**DESCRIPTION OF THE TASK:** Leaving the pictures aside, write out the whole listing below exactly.

**SUPPLIED INFORMATION:**
=== Begin Enclosure ===

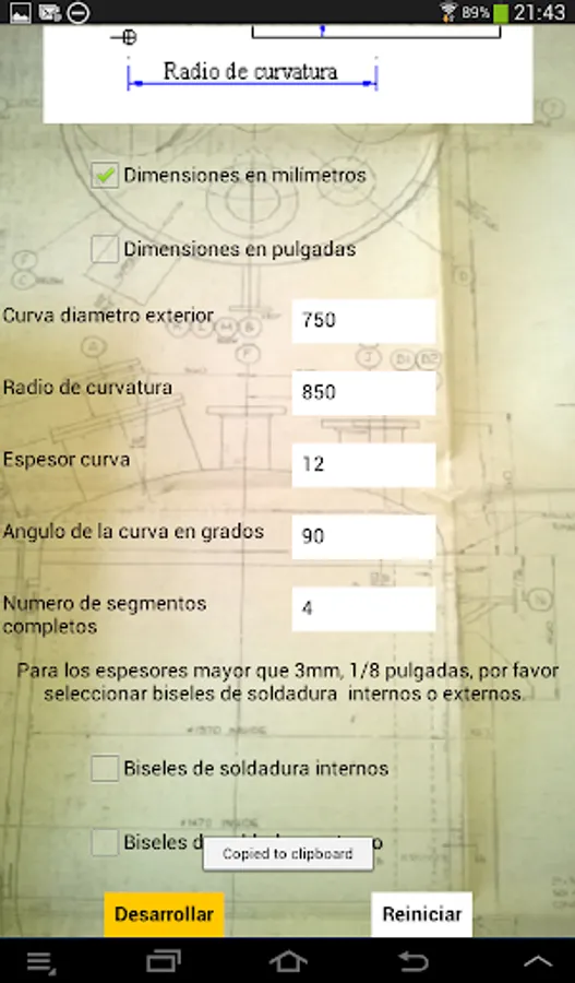 La calculadora funciona hacia fuera la longitud correcta desarrollado para el ingresado fuera de diámetro y la echada entre las líneas de desarrollo
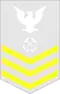 The dress blue insignia consists of a perched eagle (or "crow") with spread wings atop a rating mark, with three chevrons and one "rocker" above the rating mark. Inverted five-point stars above the crow denote the rank of senior chief (one star) or master chief (two stars). All other uniforms use the collar device to denote rank. It consists of a foul anchor with the initials U S N in silver, superimposed, with stars above the anchor to indicate higher pay grades, similar to the dress blue insignia.[14]
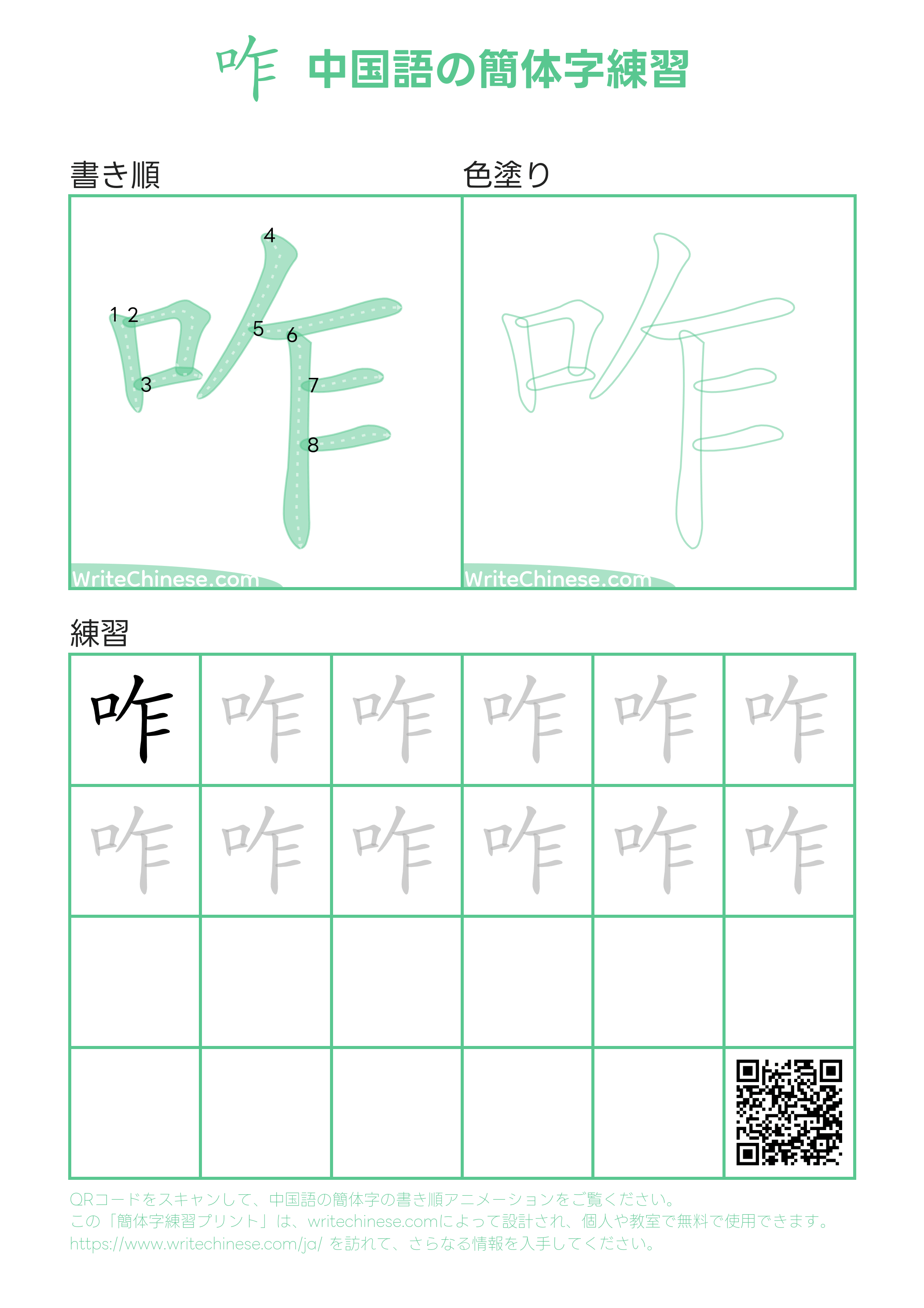 中国語の簡体字「咋」の印刷可能な書き練習用ワークシート 漢字練習帳
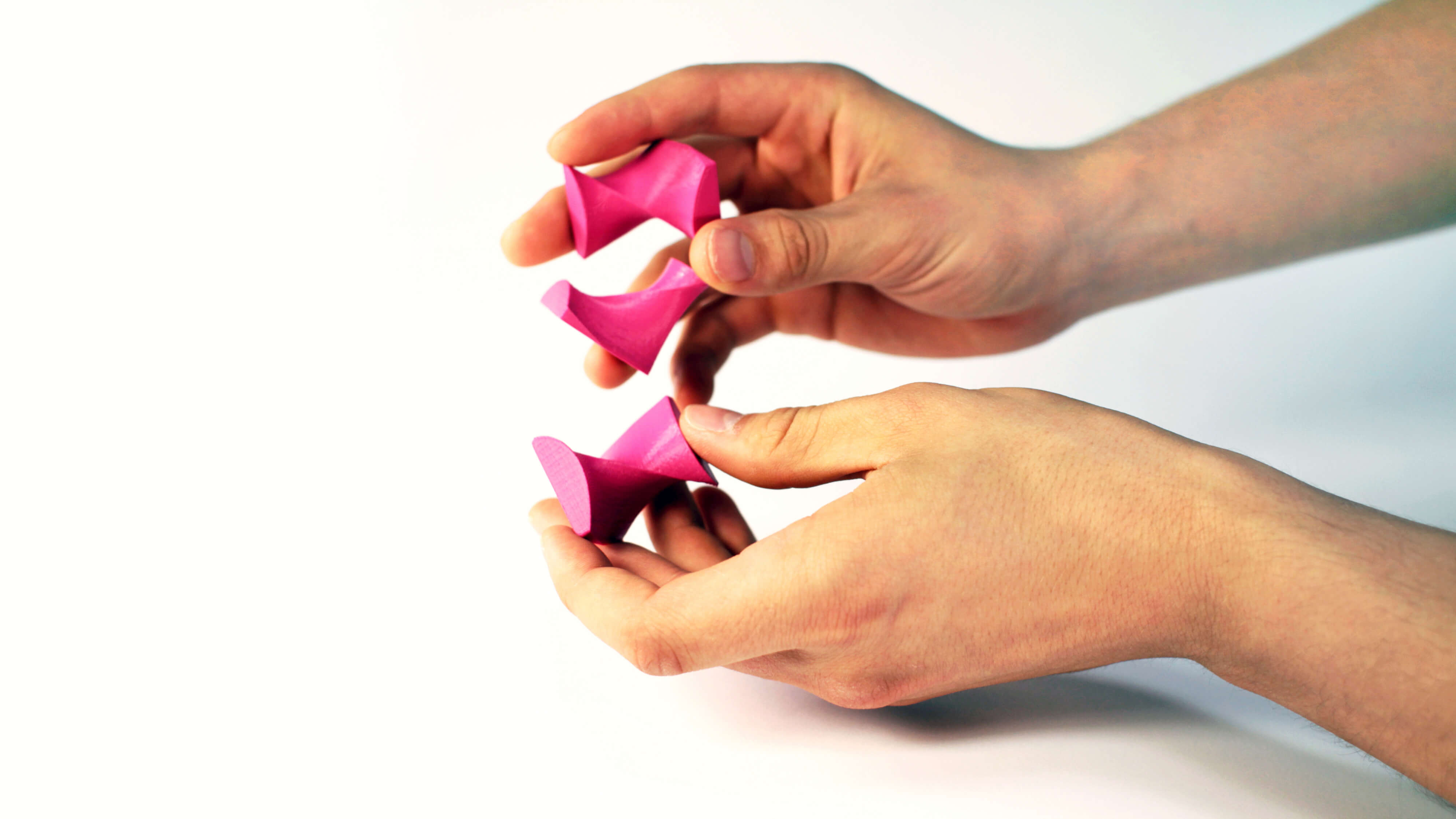 Inspired by DNA, Kinetic Cubes are cut into 3 equal pieces by the curve of a helix.

=== End Enclosure ===

**REPLY:**
 La calculadora funciona hacia fuera la longitud correcta desarrollado para el ingresado fuera de diámetro y la echada entre las líneas de desarrollo
 The dress blue insignia consists of a perched eagle (or "crow") with spread wings atop a rating mark, with three chevrons and one "rocker" above the rating mark. Inverted five-point stars above the crow denote the rank of senior chief (one star) or master chief (two stars). All other uniforms use the collar device to denote rank. It consists of a foul anchor with the initials U S N in silver, superimposed, with stars above the anchor to indicate higher pay grades, similar to the dress blue insignia.[14]
 中国語の簡体字「咋」の印刷可能な書き練習用ワークシート 漢字練習帳
 Inspired by DNA, Kinetic Cubes are cut into 3 equal pieces by the curve of a helix.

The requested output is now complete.